To do.
Omitting the pictures, print every line below exactly as it stands.

The data.
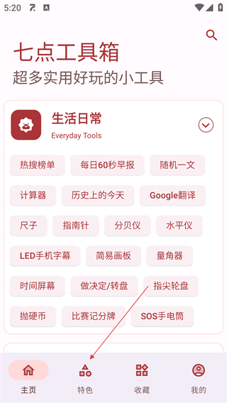 2、在主界面點擊底部【特色】選項,進入特色工具頁面,查看各類功能。
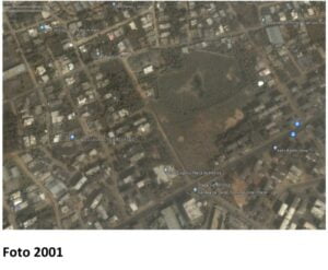 En las fotos del 2001 y 2006 (abajo) se observa el estado natural de esta área que en su momento tenía un servicio eco sistémico con una biota ribereña de anfibios y reptiles y palmas. Este sitio, según afirman los moradores servía como sumidero (drenaje natural) de las escorrentías que se producían en los barrios aledaños después de lluvias importantes. A los fines de evaluar el impacto socioambiental se analizaron varias fotos de Googles para comparar la evolución de los trabajos de rellenos que han venido impactando esta área natural.
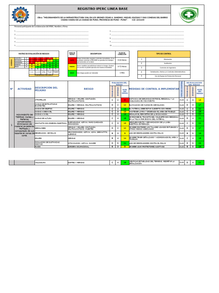 Badén, Cunetas, GOLPES HERIDAS B 4 14 REVISION DE HERRAMIENTAS Y EQUIPOS ANTES DE USAR 3,4,5 C 4 18

Reply to the exercise.
 2、在主界面點擊底部【特色】選項,進入特色工具頁面,查看各類功能。
 En las fotos del 2001 y 2006 (abajo) se observa el estado natural de esta área que en su momento tenía un servicio eco sistémico con una biota ribereña de anfibios y reptiles y palmas. Este sitio, según afirman los moradores servía como sumidero (drenaje natural) de las escorrentías que se producían en los barrios aledaños después de lluvias importantes. A los fines de evaluar el impacto socioambiental se analizaron varias fotos de Googles para comparar la evolución de los trabajos de rellenos que han venido impactando esta área natural.
 Badén, Cunetas, GOLPES HERIDAS B 4 14 REVISION DE HERRAMIENTAS Y EQUIPOS ANTES DE USAR 3,4,5 C 4 18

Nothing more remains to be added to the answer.